Real-World-Studie ergibt Unterschiede zwischen einzelnen PDE5-Hemmern

„In unserem Datensatz waren Nebenwirkungen wie verstopfte Nase, leichte Kopfschmerzen oder Sodbrennen deutlich präsenter als die erwartete Gesichtsrötung aus klassischen Studien“, erklärt Studienleiter Dr. Johannes von Büren. Foto: Wellster Healthtech

In einer aktuellen Studie haben Urologen die Sicherheits- und Wirksamkeitsprofile der drei Phosphodiesterase-5(PDE5)-Hemmer Sildenafil, Tadalafil und Vardenafil direkt miteinander verglichen.
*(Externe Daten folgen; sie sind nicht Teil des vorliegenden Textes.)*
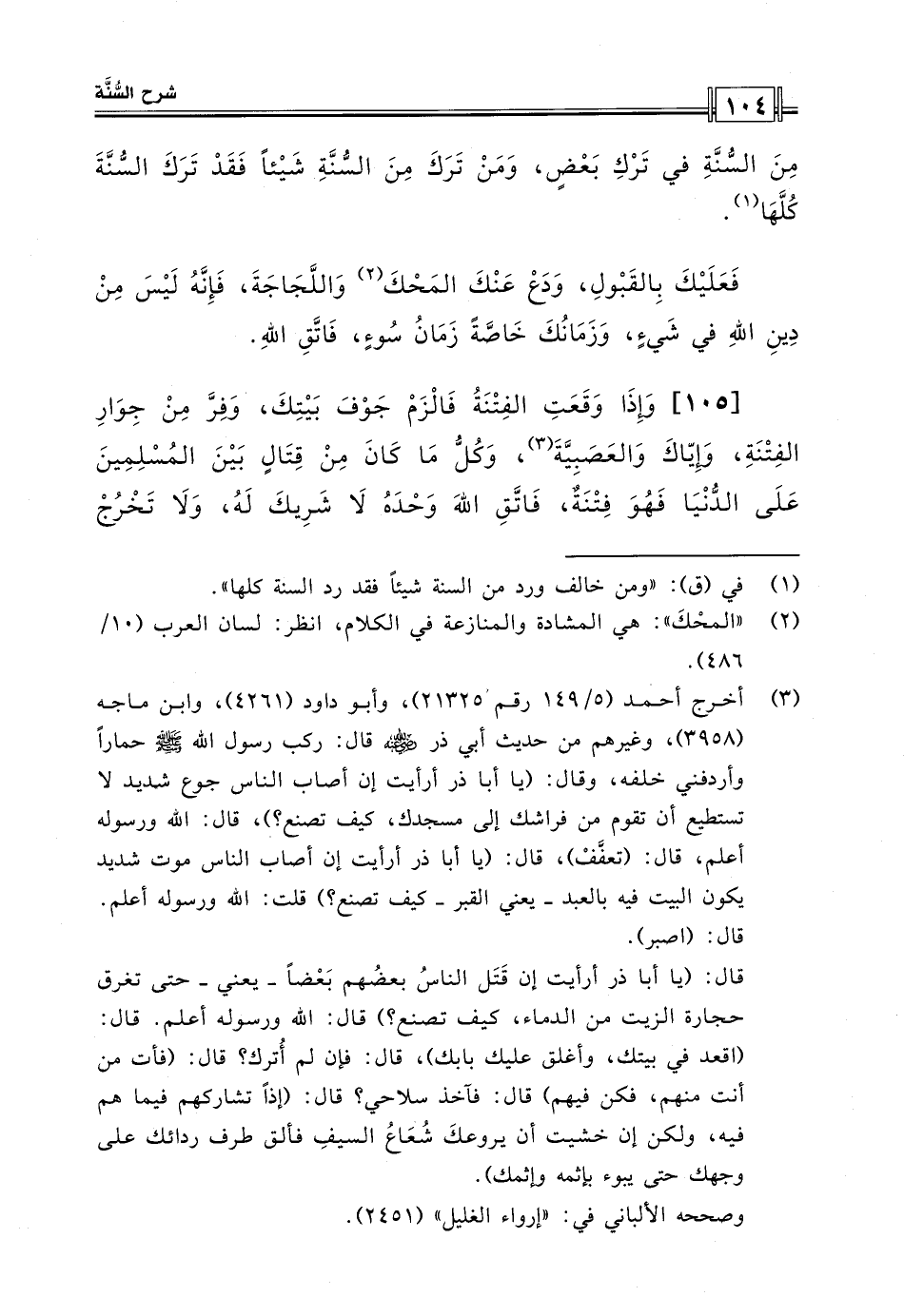 [105] وإذا وقعت الفتنة فالزم جوف بيتك، وفر من جوار الفتنة، وإياك والعصبية، وكل ما كان من قتال بين المسلمين على الدنيا فهو فتنة، فاتق الله وحده لا شريك له، ولا تخرج

Die Ergebnisse zeigen Unterschiede in den Bereichen Wirksamkeit und Verträglichkeit.

Die Forschenden haben in der Studie die anonymisierten Behandlungsdaten von 132.100 Patienten ausgewertet, die über die digitale Männergesundheitsplattform „GoSpring“ des Münchner Unternehmens Wellster Healthtech versorgt wurden, eine sogenannte Direct-to-consumer (DTC) telemedizinische Plattform.

Die Beliebtheit der drei Wirkstoffe war bei den Patienten sehr unterschiedlich: Mehr als die Hälfte (54,4%) ließen sich den „Klassiker“ Sildenafil verordnen, 43,2% wählten Tadalafil und nur 2,4% bestellten Vardenafil.

Die Patienten wurden anonym über Fragebögen zu Wirkung und Verträglichkeit ihrer Behandlung befragt. Nach Angaben der Autoren ergab dies die weltweit größte Real-World-Vergleichsstudie zur Anwendung von PDE5-Hemmern in der Therapie der Erektilen Dysfunktion (ED). Sie wurde am 18.11.2025 online vorab im Journal „European Urology Focus“ veröffentlicht.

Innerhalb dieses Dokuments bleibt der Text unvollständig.